Ce film valut à son auteur les foudres de la presse italienne : donner la parole aux « bourreaux » lui semblait en effet non seulement inconcevable, mais aussi répréhensible. Ça l’eût été, en vérité, si les bourreaux en question n’avaient pas payé, ou ne payaient pas alors, le prix de leurs actes par de lourdes peines de prison, s’ils s’exprimaient devant la caméra en cavale, dans un exil d’Amérique du Sud ou d’ailleurs. Et cela ne signifiait en aucun cas les excuser. Mais, dans un pays qui, contrairement à l’Allemagne, n’a pas effectué de travail de mémoire collective après la chute du fascisme, découvrir que les brigadistes étaient des Italiens comme tant d’autres, d’anciens militants communistes et syndicalistes, des ouvriers, des intellectuels, était peut-être, effectivement, choquant. Et ce, même si les quatre hommes reconnaissent ici leur échec : « Nous avons perdu, constate Prospero Gallinari. Nous avons risqué nos vies, nous avons été lourdement condamnés et de nombreux camarades sont morts. […] Voilà ce que devraient faire les hommes politiques et les médias : tenter de comprendre ce qui s’est passé dans notre pays, comprendre pourquoi. »

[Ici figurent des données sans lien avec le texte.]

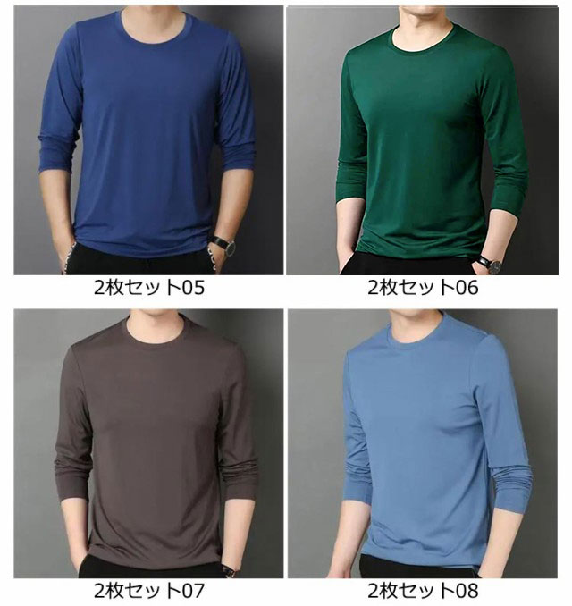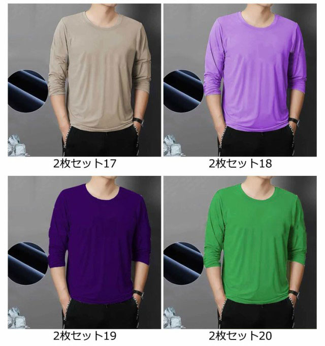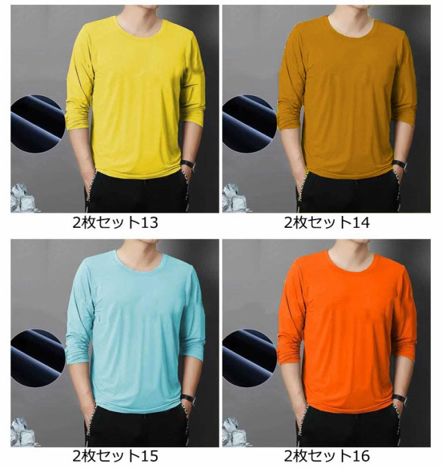 2枚セット インナーシャツ 夏 トップス tシャツ 涼しい 丸首 薄手 スポーツ アイスシルク 長袖tシャツ 吸水速乾 接触冷感 ストレッチ 長袖 Tシャツ インナーシャツ 作業服 作業着 トレーニングウェア ゴルフ 野球 大きいサイズ バイク 釣り キャンプ メンズ

Comprendre pourquoi, c’est exactement ce à quoi s’emploie Mosco dans ce documentaire et, pourrais-je dire, dans toute son œuvre. Comprendre le monde, le passé et le présent, en regardant chaque homme, chaque femme, au-delà du masque, en suspendant son jugement lorsque cela est nécessaire.
Dans l’appartement loué pour l’occasion, où Mario Moretti, chef du commando des BR, s’exprime face à la caméra, une petite étagère rompt la nudité des murs blancs. Avant de filmer, Mosco y a disposé quelques cartes postales en guise d’ornement. Elles risquent de passer inaperçues tant elles sont petites, ou d’être considérées comme un détail anecdotique. Ce serait bien dommage, car il s’agit des représentations des autoportraits les plus célèbres et les plus beaux de Rembrandt. Rembrandt, le peintre, le portraitiste, qui voyait au-delà des apparences… Une étrange coïncidence, un raccourci fort éloquent.
(1) Francs-tireurs et partisans – Main-d’œuvre immigrée.
(2) La Comédie, Enfer, III, 14-18, traduction de Jean-Charles Vegliante, Paris, Imprimerie Nationale Éditions, 1995.
(3) Le phénomène judiciaire du pentitismo, qui consiste à accorder aux mafiosi un allègement de peine, notamment sous forme d’une nouvelle identité, en échange d’une collaboration avec les magistrats et une mise à la disposition de la justice pour tout procès requérant leur témoignage, a fait du célèbre Maxi-Procès (1987) un succès pour la Justice à travers le témoignage de Tommaso Buscetta.